The terms malignant narcissist and psychopath are sometimes used interchangeably because there is little to clinically separate the two. Individuals with narcissistic personality disorder, malignant narcissism, and psychopathy all display similar traits which are outlined in the Hare Psychopathy Checklist. The test has 20 items scored on a three-point scale, with a rating of:

  • 0 if it does not apply at all;
  • 1 if there is a partial match or mixed information; and
  • 2 if there is a reasonably good match.

With a maximum score of 40, the cut-off for the label of psychopathy is 30 in the US and 25 in the UK. High scores are positively associated with measures of impulsivity and aggression, Machiavellianism, persistent criminal behaviour, and negatively associated with measures of empathy and affiliation.

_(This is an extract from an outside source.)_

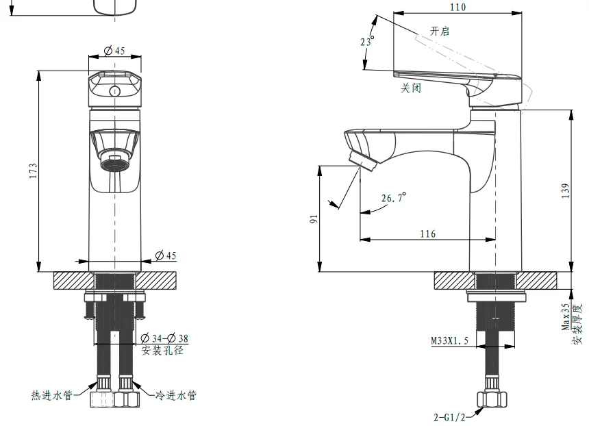 Смеситель для раковины ARROW AG4127CP, хром

Malignant narcissism is highlighted as a key area in the study of mass murder, sexual, and serial murder.

Contrast with Narcissism

The primary difference between narcissism and malignant narcissism is that malignant narcissism includes comorbid features of other personality disorders and thus consists of a broader range of symptoms than pathological narcissism (NPD). In the term “malignant narcissism”, the word “malignant” is used in the sense of the word described by the Merriam-Webster Dictionary as “passionately and relentlessly malevolent: aggressively malicious”. In malignant narcissism, NPD is accompanied by additional symptoms of antisocial, paranoid and sadistic personality disorders. While a person with NPD will deliberately damage other people in pursuit of their own selfish desires, they may regret and will in some circumstances show remorse for doing so. Because traits of antisocial personality disorder are present in malignant narcissism, the “malignant narcissist” suffers from a more pervasive lack of empathy than someone with NPD alone and will lack feelings of guilt or remorse for the damage they cause. Since sadism is often considered a feature of malignant narcissism, an individual with the syndrome may not only lack feelings of guilt or remorse for hurting others but may even derive pleasure from the gratuitous infliction of mental or physical pain on others. These traits were formerly codified in the DSM-III under sadistic personality disorder (SPD).

Therapy

Typically in the analysis of the malignant narcissist, “the patient attempts to triumph over the analyst by destroying the analysis and himself or herself” – an extreme version of what Jacques Lacan described as “that resistance of the amour-propre… which is often expressed thus: ‘I can’t bear the thought of being freed by anyone other than myself'”.